Do You Know Where Your Running Shorts Are?
I’ll admit: my closet is a disaster.
I know my life would be much easier if I spent an hour straightening it up, but I always find other things to do instead. I’ll pick tasks that take less time, and don’t require so much thought. (WHERE is the absolute best place for these running shorts??) I’m not kidding, that’s how I justify it in my head.
So if you’re anything like me, getting organized is exhausting.
Here’s the catch, though. If you start out organized, then the organization is easy to maintain. But if you’re unlucky enough to be frazzled from the start, straightening everything out takes way more time and effort than it should. And face it, there are better things you should be doing with your time than detangling a web of information… or running shorts.
It’s the same with web projects. Whether it’s a website you’re building, or a web app you’re developing, it’s going to require organization… and probably files of some sort. You expect it, you know it’s coming, and you know what it’s like to have 80 files in your lap and think “Crap, where does all this go, again?”

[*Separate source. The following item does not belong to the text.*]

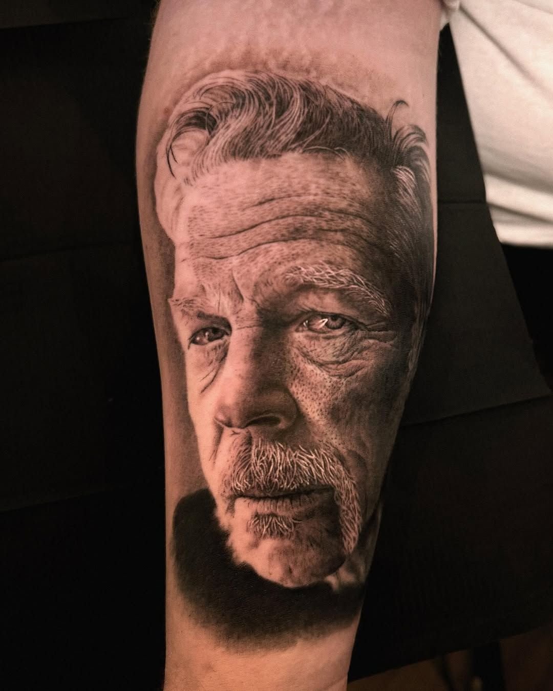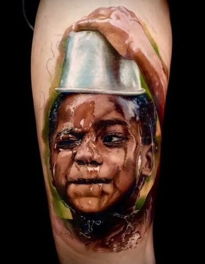 Size matters more in realism than in any other style. A portrait smaller than a large adult palm loses information rapidly as it heals and ages. Most serious realism artists refuse to do portraits below a certain minimum size, or refuse specific requests (full-family portraits crowded into a forearm, for example) that cannot be executed with the fidelity the client is imagining.

Here’s how I think: I have this page, and this content needs to go on this page. And I also have this file that is related to this page… oh, and this picture, too. If they were physical things, I would set them next to each other, to show that they go together. But they’re not, they’re digital. They still need to go together- otherwise they’ll end up like my closet.
Enter Jumpchart.
As you might already know, Jumpchart is a website planning tool that makes it super easy to keep everything together- files attached to their pages and all. You can even leave a comment on a page- and attach an image or file to help illustrate your point.
Jumpchart brings the clarity to web projects, and it brings sanity to my brain. After working on a project the other day using Jumpchart, I went home and cleaned my closet. True story. I’d spent several hours having all my information available, collected, and in logical places so I could find what I needed quickly and easily. Then I went home and dug through three drawers, ransacked two shelves, and plowed through a pile of shoes to get ready for my afternoon run. It took three times as long as it should have, and I’d had enough.
So I know I work for Paste, but as someone who came into this company after Jumpchart was born, I feel like I can speak objectively about it. Organization cannot be taken for granted in a web project, and it cannot be well-implemented late in the game.
Put things where they go as you get them, so you can focus on the quality of the site, instead of the quantity of loose files you have pertaining to it.